The Henley Bridge is a reinforced concrete open-spandrel arch bridge with six dual-ribbed arches connected by lateral bracing. The lengths of the arches are (from north to south) 203 ft, 232 ft, 317 ft, 232 ft, 220 ft, and 185 ft. The deck consists of six concrete girders, and has a total width of just over 70 ft and a curb-to-curb width of just over 54 ft.

==History==

=== Planning and construction ===
In the late 1920s, Knoxville developed a new city plan that called for, among other things, the widening of Henley Street and the construction of a 54 ft bridge connecting the street with South Knoxville. The city initially hired J. E. Griner and Company of Baltimore, but after the company insisted that a 36-foot width was adequate, the city rejected their design. In April 1930, after intense debate, the city selected a design submitted by the Des Moines, Iowa-based Marsh Engineering Company, which was led by long-time bridge engineer James B. Marsh (1856-1936).

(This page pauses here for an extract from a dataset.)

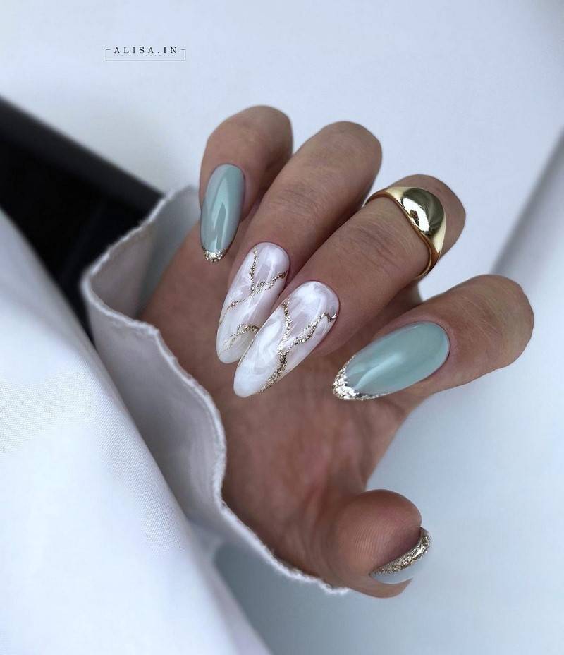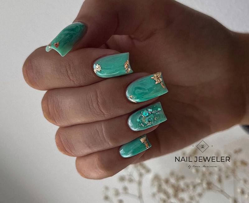 Зеленые оттенки ассоциируются с весенней свежестью. В подобных тонах предлагается нанести тонкие растительные узоры или изящные рисунки в стиле «Тиффани». В последнем случае приветствуется декорирование стразами либо блестками.

Throughout 1930, Knoxville's city council, various local engineers, and the Knoxville News-Sentinel argued relentlessly over the bridge, bickering with one another over everything from the bridge's size to the construction materials to be used. One councilman charged that bribery had taken place. Furthermore, rather than allow Marsh Engineering to choose its own construction supervisor, the city installed local engineers L. M. Dow and S. B. Goodsey as supervising engineer and resident engineer, respectively, and made numerous modifications to Marsh's design. Work finally began on September 30, 1930, with Pittsburgh contractor Booth and Flinn overseeing construction. The cost of construction was $1.15 million, which was split between the City of Knoxville and Knox County.

=== Early history ===
The completion of the Henley Bridge roughly coincided with the creation of the Great Smoky Mountains National Park, and the bridge became for Knoxvillians the "gateway" to the Smokies (US-441, which crosses the bridge, is still the main route connecting Knoxville with the park). During 1987–2015, the bridge was also the primary fireworks launching area during Knoxville's annual Boomsday celebration.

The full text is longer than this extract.